> _SUPPLIED MATERIAL_
★ ★ ★
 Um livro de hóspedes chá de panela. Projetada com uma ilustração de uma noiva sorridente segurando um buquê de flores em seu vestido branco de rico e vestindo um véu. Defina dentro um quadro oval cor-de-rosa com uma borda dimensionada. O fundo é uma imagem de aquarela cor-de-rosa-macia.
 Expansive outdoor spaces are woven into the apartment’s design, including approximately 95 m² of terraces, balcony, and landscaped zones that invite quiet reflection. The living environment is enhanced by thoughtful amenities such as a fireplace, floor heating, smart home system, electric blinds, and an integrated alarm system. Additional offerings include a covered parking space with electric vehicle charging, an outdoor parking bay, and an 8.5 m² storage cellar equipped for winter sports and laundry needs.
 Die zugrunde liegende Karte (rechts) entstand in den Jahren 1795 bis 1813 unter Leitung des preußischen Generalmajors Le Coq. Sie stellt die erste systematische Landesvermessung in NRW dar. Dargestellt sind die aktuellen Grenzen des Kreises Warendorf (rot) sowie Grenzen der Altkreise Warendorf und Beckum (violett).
★ ★ ★
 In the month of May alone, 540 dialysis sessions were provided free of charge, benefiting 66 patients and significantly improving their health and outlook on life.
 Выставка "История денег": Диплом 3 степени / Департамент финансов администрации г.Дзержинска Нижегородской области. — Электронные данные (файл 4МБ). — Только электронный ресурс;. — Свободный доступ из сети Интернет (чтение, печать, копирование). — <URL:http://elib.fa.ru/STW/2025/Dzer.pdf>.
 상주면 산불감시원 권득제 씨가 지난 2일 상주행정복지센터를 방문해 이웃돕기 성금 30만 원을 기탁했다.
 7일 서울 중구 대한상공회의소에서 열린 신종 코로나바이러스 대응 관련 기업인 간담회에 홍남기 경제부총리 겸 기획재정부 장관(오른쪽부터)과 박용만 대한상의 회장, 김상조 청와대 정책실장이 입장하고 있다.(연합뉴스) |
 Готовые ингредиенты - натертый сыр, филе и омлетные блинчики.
★ ★ ★
Give again exactly, and only, the lines above starting at the one with "копирование). — <URL:http://elib.fa.ru/STW/2025/Dzer.pdf>." and ending at the one with "Готовые ингредиенты - натертый".

 Выставка "История денег": Диплом 3 степени / Департамент финансов администрации г.Дзержинска Нижегородской области. — Электронные данные (файл 4МБ). — Только электронный ресурс;. — Свободный доступ из сети Интернет (чтение, печать, копирование). — <URL:http://elib.fa.ru/STW/2025/Dzer.pdf>.
 상주면 산불감시원 권득제 씨가 지난 2일 상주행정복지센터를 방문해 이웃돕기 성금 30만 원을 기탁했다.
 7일 서울 중구 대한상공회의소에서 열린 신종 코로나바이러스 대응 관련 기업인 간담회에 홍남기 경제부총리 겸 기획재정부 장관(오른쪽부터)과 박용만 대한상의 회장, 김상조 청와대 정책실장이 입장하고 있다.(연합뉴스) |
 Готовые ингредиенты - натертый сыр, филе и омлетные блинчики.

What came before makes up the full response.